Any wonder why long-term interest rates have not risen in light of all the interest rate hikes from the Federal Reserve and the improving stabilization of our economy? I have thought about it and never really came up with an answer that would hold up to debate. After reading an article in Business Week, the answer came to light. Money is still cheap because information is much more readily available in today's economic world. Basically, we can gain more knowledge faster than we could have in years past. Technical data is easier to analyze and risks are easier to assess in today's technology driven world. With this increase in efficiency for markets, investors have learned to anaylze their risks much fater and have seemed to notice that there is less risk than once thought in most areas of investing. This means that money has become relatively cheap for borrowers. Thus, we are able to borrower more at lower rates than in years past when long term ineterst rates had similar adjustments.
It also appears that the U.S. is not the only country experiencing this phenomenon. Euro bonds have realized a simliar path in recent years. Despite a fatser growing economy in the Euro regions, real rates have not risen much above the levels seen in 2003.
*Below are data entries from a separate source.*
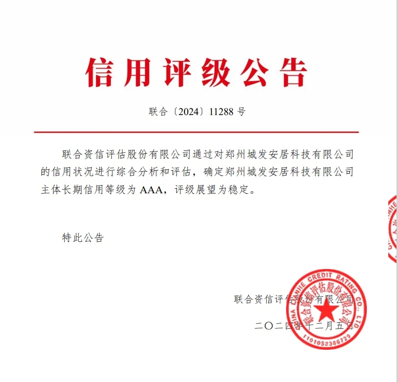 12月5日,鄭州城市發(fā)展集團(tuán)有限公司下屬子公司鄭州城發(fā)安居科技有限公司(以下簡(jiǎn)稱安居科技)順利取得AAA主體信用評(píng)級(jí),評(píng)級(jí)展望為“穩(wěn)定”,成功邁入國內(nèi)企業(yè)信用等級(jí)第一梯隊(duì)。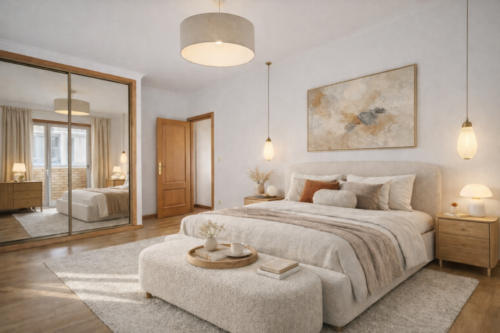 ✔ Trzy przestronne sypialnie, wszystkie z wbudowanymi szafami dla optymalnej organizacji przestrzeni.
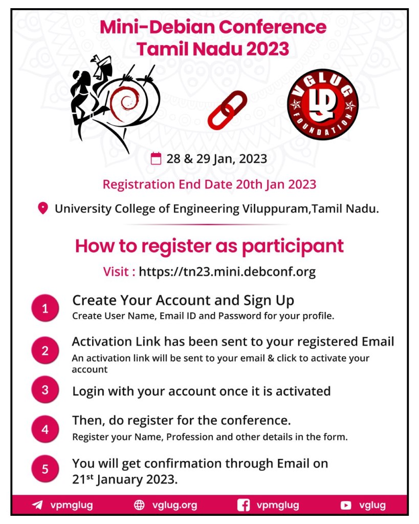 VGLUG அறக்கட்டளை, Debian India அமைப்புடன் இணைந்து நடத்தும் மினி டெபியன் தமிழ்நாடு மாநாட்டில் பங்கேற்க பதிவு(Register) செய்வதற்கான வழிமுறைகள்.

What does this all mean? Interest rates will not likely rise as fast as they have in the past. Even if there remains pressure for long term rates to rise, the likelihood of any sudden or large rise is unlikely. The only sign of an abrupt change would be dramatic changes in energy costs and the ever dreaded impact of China's huge population as China becomes more industrialized. Energy is somewhat predictable and we have seen resiliency through past abrupt energy changes. However, the toll that China places on the global economy is much harder tp predict and likely to lead to more volatility.